To cancel a day I'd been looking forward to my whole life would have been a decision crueller than what this disease had put me through already that year. My heart was broken enough, this illness unveiled more and more of it its hideous secrets as we approached 10th June, piece by piece it was shattering every expectation of what it should have been like to be an excited bride to be. Every little moment, from not being able to wear my engagement ring due to my fingers being swollen to considering a cheap alternative to my already chosen and paid for dream wedding dress for one that may fit my grotesque body, was a little tear in a page of my storybook wedding. To this day it leaves a little hole in my heart that I didn't get to embrace the pre wedding joyfulness most do.

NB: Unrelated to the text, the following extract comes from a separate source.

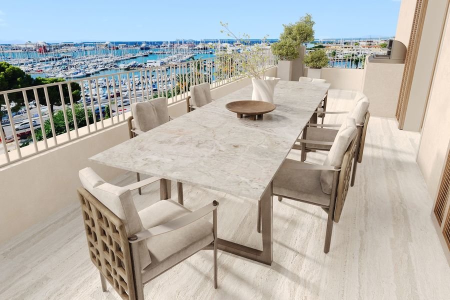Dieses atemberaubende Penthouse ist Teil eines der aufregendsten neuen Bauvorhaben im Zentrum von Palma. Nur wenige Minuten vom charismatischen Viertel Es Jonquet und der idyllischen und bald fertiggestellten Palmenpromenade entlang des Paseo Maritimo entfernt. Diese Wohnung mit drei Schlafzimmern und einer herrlichen 65 m2 grossen Südterrasse mit Meerblick und privatem Pool wird Ihnen den Atem rauben, sobald Sie eintreten. Sie haben die Wahl zwischen zwei verschiedenen, hochwertigen Innenausstattungen, hier das Beispiel EL MONTE, eine Kombination aus dunklen Hölzern, strukturierten Wänden und einer hellen Farbpalette sowie einer Edelstahlküche sorgen für einen Hauch von industriellem Schick. Das Gesamtkonzept ist anspruchsvoll und modern, passend zur Innenarchitektur des Gebäudes. Der 175 m2 grosse Wohnbereich, die Küche und die geräumigen Schlafzimmer wurden mit Blick auf Komfort und zeitlose Modernität gestaltet, wobei der Zugang nach draußen optimiert wurde. Die Zimmer sind mit hochwertigen Geräten und innovativen Technologien ausgestattet und bieten einen einzigartigen Blick über den Paseo Maritimo auf den Hafen. Bestellen Sie noch heute die ausführliche Broschüre und fragen Sie uns nach den anderen verfügbaren Einheiten.

While other brides were worry if they'd lost enough weight to fit into their dress or if everyone has RSVP'd, all I wanted for my wedding day was my hair. You can judge me as you wish at this seemingly shallow request,  but can you imagine what it feels like being terrified your wedding photos would be a lifelong reminder of the sickness that haunted me in that moment?  That every time I opened that album I would be heartbroken once more at the image of the person staring back at me. I felt it was trivial request for all that I had already endured and so I prayed every night that it wouldn't all go and then worried all day what I was going to do with what was left!

With all brides I have known since, I smile and feel the excitement and happiness of their big day for them but I envy the innocence and carefree fulfilment of preparing for their big day. I envy the trivial wedding woes of family disagreements and disorganised suit hire companies. It's something I never had and will never get back. I'll never forget back the fact my dress was 2 sizes too big as after the fluid drained away, you saw the true toll the illness and chemotherapy had taken on my body. I'll never forget that I never really had a proper hen weekend, that despite appearances I actually still felt pretty sick and shaky and was rattling with medication on our wedding day, then for our beautiful honeymoon we'd spent a twelve months paying for postponed in year that we perhaps deserved a holiday the most.
But never for one moment despite all my worries, fears, selfish anxieties and ambiguity about the wedding taking place, did I ever doubt I would make it to this day, that this would be the best and most happiest day of my life, that despite the far from fairy story embarkation of these would be nuptials,  we would have a storybook ending and I would marry this wonderful man.

Most know that this chapter of the story has a happy ending, that thanks to some very clever (expensive agh!!) hair extensions and hairdressing wizardry to hide the areas on my head feeling the cold breeze nor than others - nobody could tell I was having more issues than Wayne Rooney before his hair transplant.
But also thanks to some very clever doctors, I was alive and well.